▶ _Records from a data collection_

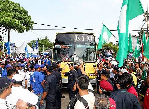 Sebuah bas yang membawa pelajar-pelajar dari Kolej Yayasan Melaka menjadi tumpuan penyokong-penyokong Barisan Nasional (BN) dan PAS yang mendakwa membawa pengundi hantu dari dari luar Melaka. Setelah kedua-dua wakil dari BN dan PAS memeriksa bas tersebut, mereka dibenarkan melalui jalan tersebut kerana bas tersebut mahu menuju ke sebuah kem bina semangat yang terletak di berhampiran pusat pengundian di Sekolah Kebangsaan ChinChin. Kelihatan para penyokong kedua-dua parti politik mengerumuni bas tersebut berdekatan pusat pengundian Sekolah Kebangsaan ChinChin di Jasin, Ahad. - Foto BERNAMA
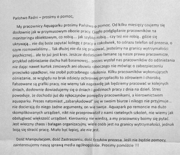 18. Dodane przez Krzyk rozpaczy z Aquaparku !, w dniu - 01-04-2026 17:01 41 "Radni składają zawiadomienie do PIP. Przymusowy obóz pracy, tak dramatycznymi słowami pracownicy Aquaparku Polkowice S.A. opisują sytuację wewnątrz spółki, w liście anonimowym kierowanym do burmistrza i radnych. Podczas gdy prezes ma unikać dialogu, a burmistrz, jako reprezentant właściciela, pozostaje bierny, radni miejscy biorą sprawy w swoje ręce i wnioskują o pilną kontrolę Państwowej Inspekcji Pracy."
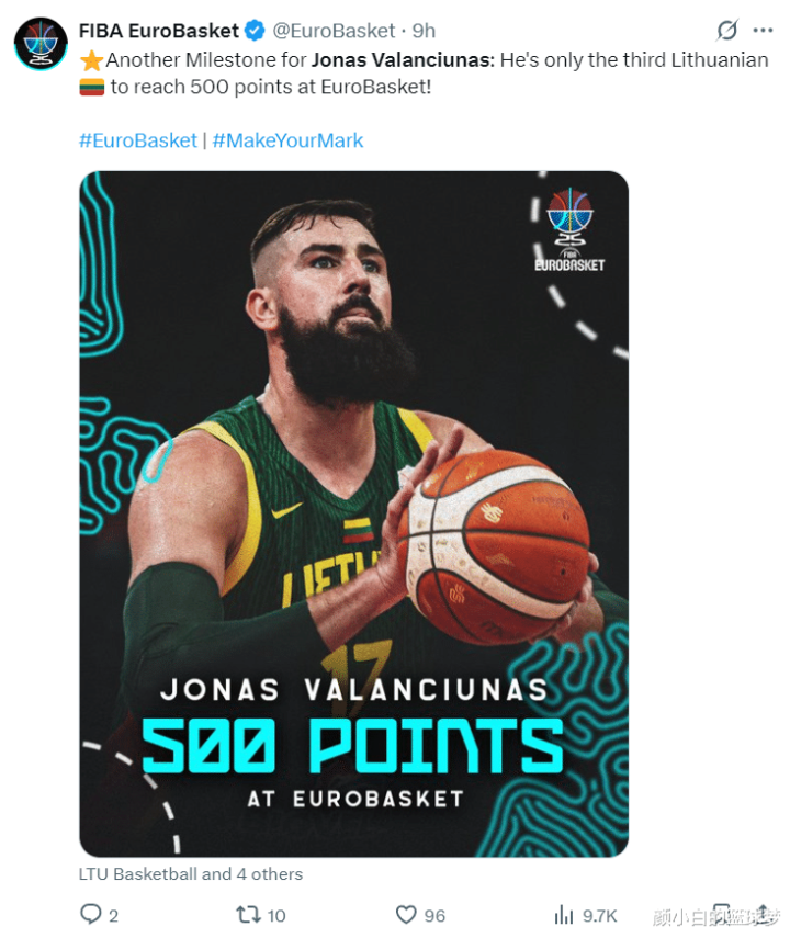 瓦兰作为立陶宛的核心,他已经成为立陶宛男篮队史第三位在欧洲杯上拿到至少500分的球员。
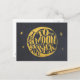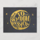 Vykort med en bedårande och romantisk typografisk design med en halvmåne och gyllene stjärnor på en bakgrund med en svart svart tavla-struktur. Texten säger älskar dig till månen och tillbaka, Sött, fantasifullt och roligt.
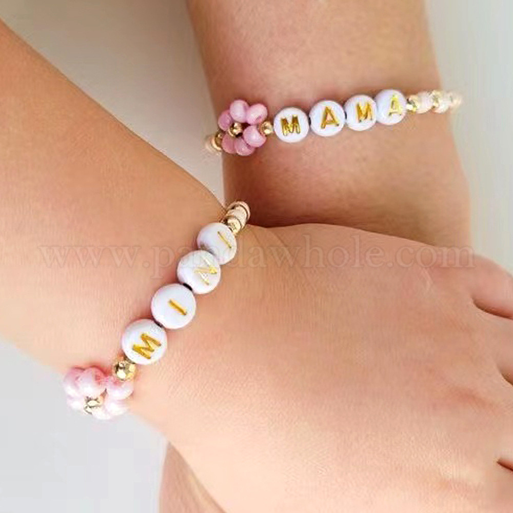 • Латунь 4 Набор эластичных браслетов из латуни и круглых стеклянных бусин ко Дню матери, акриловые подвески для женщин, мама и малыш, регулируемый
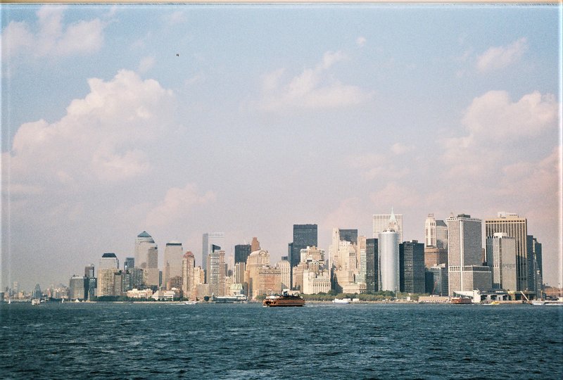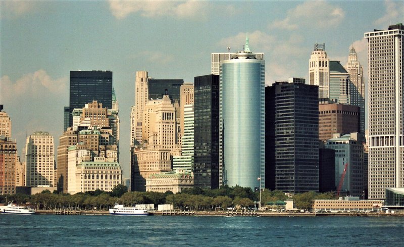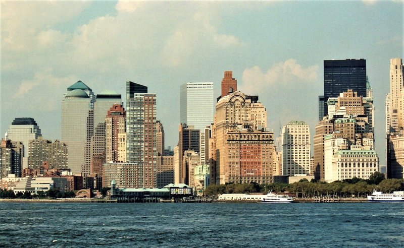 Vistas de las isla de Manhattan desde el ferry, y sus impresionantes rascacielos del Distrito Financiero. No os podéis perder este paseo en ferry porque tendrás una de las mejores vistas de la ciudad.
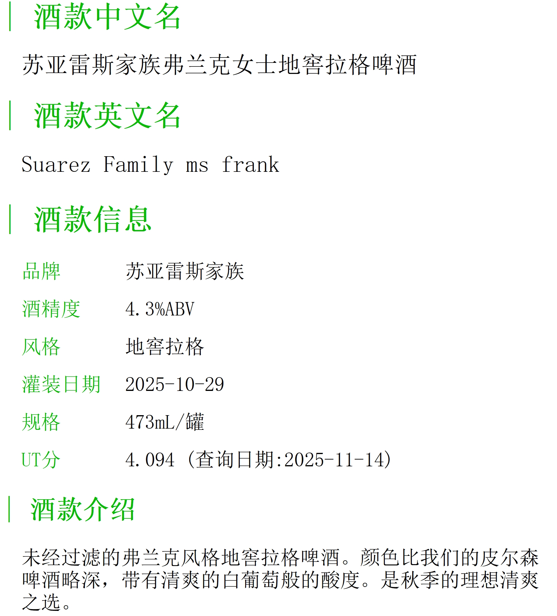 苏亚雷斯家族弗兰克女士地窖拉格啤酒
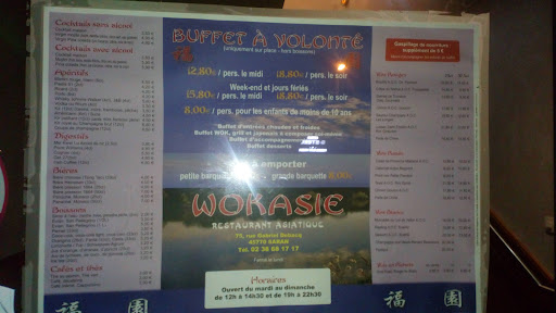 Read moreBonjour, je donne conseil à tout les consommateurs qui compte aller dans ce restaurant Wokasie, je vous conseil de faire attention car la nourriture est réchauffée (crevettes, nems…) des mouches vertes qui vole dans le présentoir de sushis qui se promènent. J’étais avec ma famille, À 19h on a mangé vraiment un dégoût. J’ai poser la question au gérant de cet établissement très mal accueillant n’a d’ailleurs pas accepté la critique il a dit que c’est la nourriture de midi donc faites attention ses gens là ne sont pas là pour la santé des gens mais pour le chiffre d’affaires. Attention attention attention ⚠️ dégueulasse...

▶ _Task instructions_
Please transcribe each entry exactly and exclude any image it contains.

▶ _Written reply_
 Sebuah bas yang membawa pelajar-pelajar dari Kolej Yayasan Melaka menjadi tumpuan penyokong-penyokong Barisan Nasional (BN) dan PAS yang mendakwa membawa pengundi hantu dari dari luar Melaka. Setelah kedua-dua wakil dari BN dan PAS memeriksa bas tersebut, mereka dibenarkan melalui jalan tersebut kerana bas tersebut mahu menuju ke sebuah kem bina semangat yang terletak di berhampiran pusat pengundian di Sekolah Kebangsaan ChinChin. Kelihatan para penyokong kedua-dua parti politik mengerumuni bas tersebut berdekatan pusat pengundian Sekolah Kebangsaan ChinChin di Jasin, Ahad. - Foto BERNAMA
 18. Dodane przez Krzyk rozpaczy z Aquaparku !, w dniu - 01-04-2026 17:01 41 "Radni składają zawiadomienie do PIP. Przymusowy obóz pracy, tak dramatycznymi słowami pracownicy Aquaparku Polkowice S.A. opisują sytuację wewnątrz spółki, w liście anonimowym kierowanym do burmistrza i radnych. Podczas gdy prezes ma unikać dialogu, a burmistrz, jako reprezentant właściciela, pozostaje bierny, radni miejscy biorą sprawy w swoje ręce i wnioskują o pilną kontrolę Państwowej Inspekcji Pracy."
 瓦兰作为立陶宛的核心,他已经成为立陶宛男篮队史第三位在欧洲杯上拿到至少500分的球员。
 Vykort med en bedårande och romantisk typografisk design med en halvmåne och gyllene stjärnor på en bakgrund med en svart svart tavla-struktur. Texten säger älskar dig till månen och tillbaka, Sött, fantasifullt och roligt.
 • Латунь 4 Набор эластичных браслетов из латуни и круглых стеклянных бусин ко Дню матери, акриловые подвески для женщин, мама и малыш, регулируемый
 Vistas de las isla de Manhattan desde el ferry, y sus impresionantes rascacielos del Distrito Financiero. No os podéis perder este paseo en ferry porque tendrás una de las mejores vistas de la ciudad.
 苏亚雷斯家族弗兰克女士地窖拉格啤酒
 Read moreBonjour, je donne conseil à tout les consommateurs qui compte aller dans ce restaurant Wokasie, je vous conseil de faire attention car la nourriture est réchauffée (crevettes, nems…) des mouches vertes qui vole dans le présentoir de sushis qui se promènent. J’étais avec ma famille, À 19h on a mangé vraiment un dégoût. J’ai poser la question au gérant de cet établissement très mal accueillant n’a d’ailleurs pas accepté la critique il a dit que c’est la nourriture de midi donc faites attention ses gens là ne sont pas là pour la santé des gens mais pour le chiffre d’affaires. Attention attention attention ⚠️ dégueulasse...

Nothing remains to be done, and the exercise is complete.